Besides, critical human review can always be fed back as instructions to agents.
I don't mind it so much when it's a newbie or non-techie who has never actually written code before, because bless their hearts, they did it! They got some code working!
But if you've been developing for decades, you know that counting lines of code means nothing, less than nothing. That you could probably achieve the same result in half the lines if you thought about it a bit longer.
And to claim this as an achievement when it's LLM-generated... that's not a boast. That doesn't mean what you think it means.

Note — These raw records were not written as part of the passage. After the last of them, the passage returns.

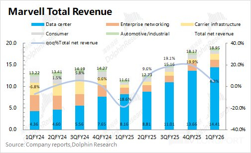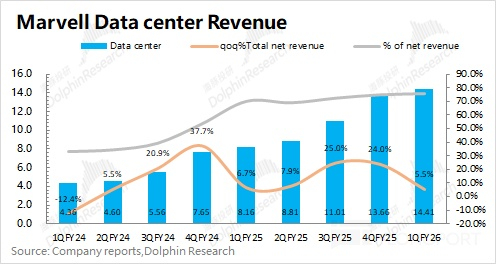 迈威尔科技 Marvell 在 2026 财年第一季度的数据中心业务实现营收 14.4 亿美元,环比增长 5.5%,符合市场预期(14.4 亿美元)。公司数据中心业务本季度的增长主要来自于 AI 业务的带动,主要是定制 ASIC 和光模块 DSP 芯片等方面。
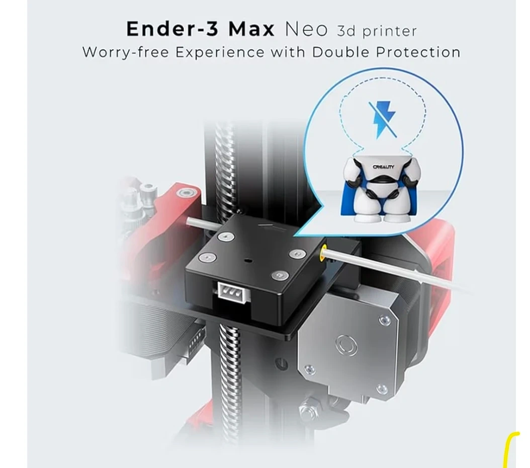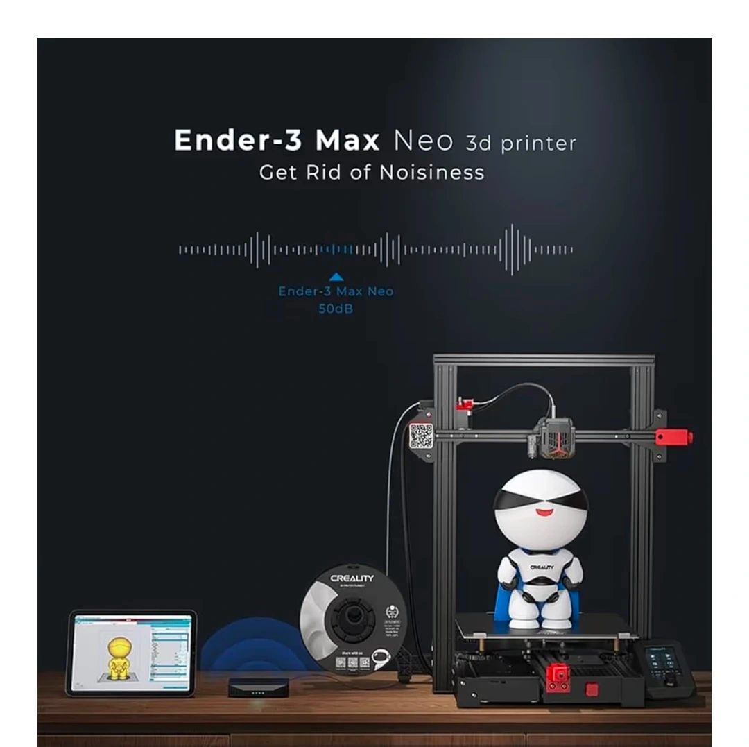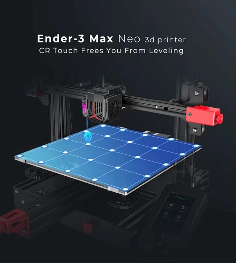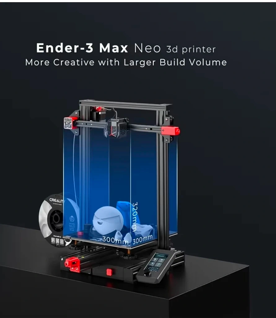 This is a Creality Ender 3 Max Neo 3D printer. It features CR Touch auto leveling and a dual Z-axis. The printer has a 4.3" color knob screen and a printing size of 300x300x320 mm. It's great for creating larger builds! Cover included.
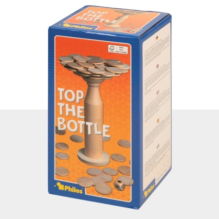 Top the Bottle de Philos es un juego de mesa de habilidad y pulso en el que la botella se convierte en tu “torre” de equilibrio. Saca fichas de la bolsa y colócalas sobre la parte superior sin que caiga ninguna. Si se te cae una, te la quedas en tu montón. Al final gana quien tenga menos fichas.
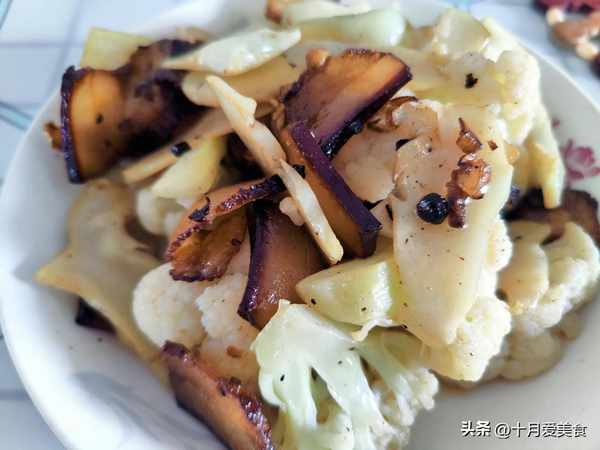 1.將花菜掰成小朵。最好用散菜花,但這次我用的是普通菜花,長得比較緊湊。臘肉切成薄片。切薑片蒜粒備用。
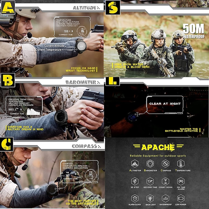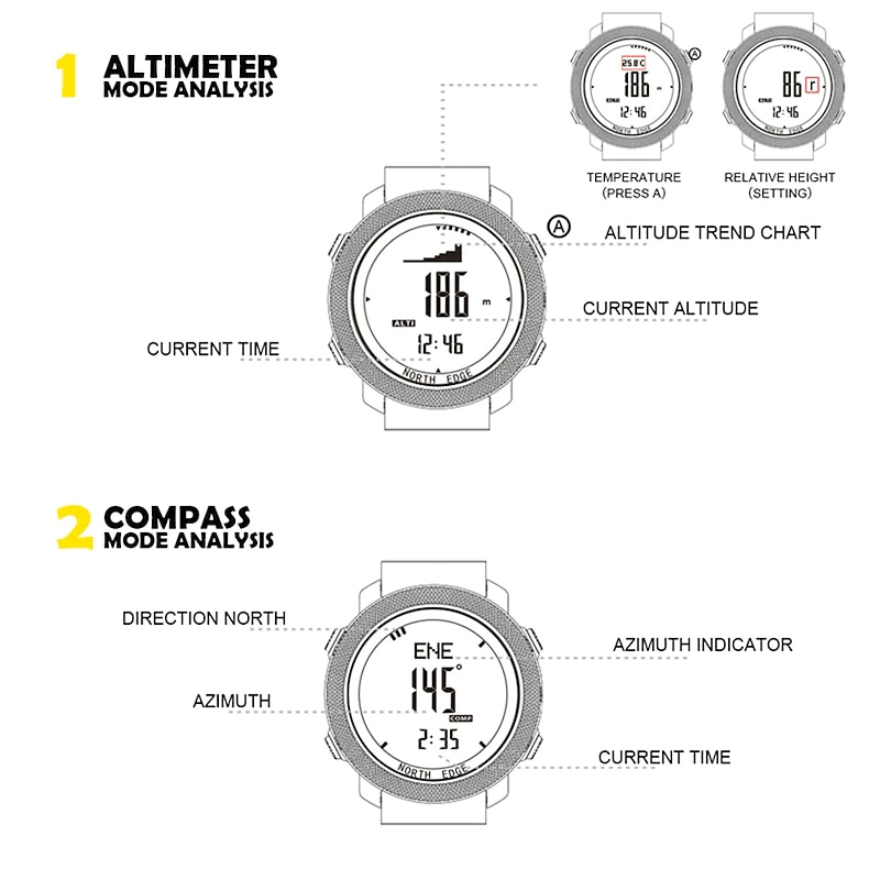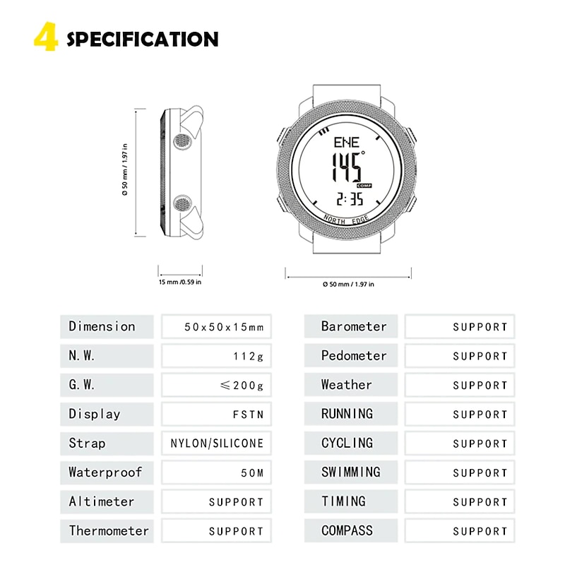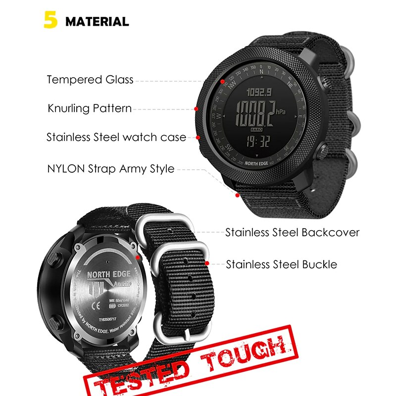 More information about NORTH EDGE Apache Men Digital Watches Waterproof 50M Running Swimming Men Tactical Sport Watch Outdoor Sports Survival Military Watches for Men, Compass, Pedometer Calories
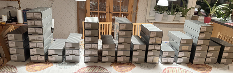 Istället har jag lyckats tömma en stor hög med artiklar som istället för att ligga på golvet nu sitter i prydliga pärmar och så har jag hunnit klart med att märka samtliga lådor med diabilder som jag har här hemma. Alltså sådana som har med ufo att göra. Så nu ska de ner till AFU vid nästa resa dit.
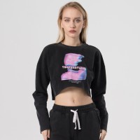 This long-sleeved CropT shirt, with a retro wash effect, enhances the high street and looks great with a custom logo.
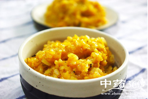 加入足够米饭和南瓜的食盐,这个饭比较清淡,可以适量的少放些盐。
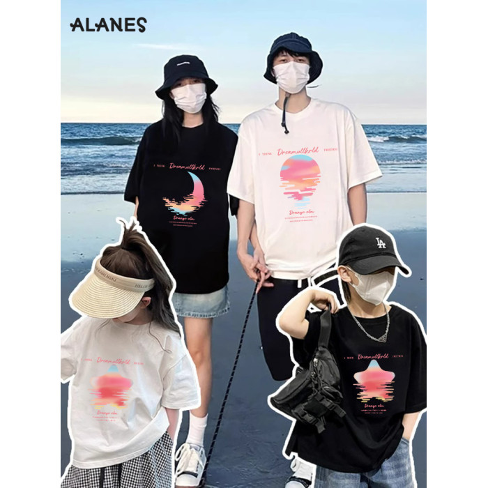 不一樣親子裝T恤夏季一家三口母子裝2025新款網紅母女款短袖上衣t

But I guess we hit the same old problem that we've always had - how do you measure productivity in software development? If you wanted to boast about how an LLM is making you 100x more productive, what metric could you use? LOC is the most easily measurable, really, really, terrible measure that PMs have been using since we started doing this, because everything else is hard.
here’s one thing that somewhat worked for my team. when we first started using LLMs we decided to run the same process as if they did not exist, same sprint planning meetings, same estimation. we did this for 6 months and saw roughly 55% increase in output compared to pre-LLM usage. there are biases in what were tried to achieve, it is not easy to estimate something will take XX hours when you know some portion (for example writing documentation or portions of the test coverage) you won’t have to write but we did our best. after we convinced ourselves of productivity gains we stopped doing this.
I forget who said it, but I heard the idea floated that if your work can be measured in terms of productivity at all, it can and probably should be done by software. Not sure how that applies here since as you point out, a 10x programmer probably doesn't produce 10x the code.
German General Kurt von Hammerstein-Equord (a high-ranking army officer in the Reichswehr/Wehrmacht era):
“I divide my officers into four groups. There are clever, diligent, stupid, and lazy officers. Usually two characteristics are combined.
Some are clever and diligent — their place is the General Staff.
The next lot are stupid and lazy — they make up 90% of every army and are suited to routine duties.
Anyone who is both clever and lazy is qualified for the highest leadership posts, because he possesses the intellectual clarity and the composure necessary for difficult decisions.
One must beware of anyone who is both stupid and diligent — he must not be entrusted with any responsibility because he will always cause only mischief.”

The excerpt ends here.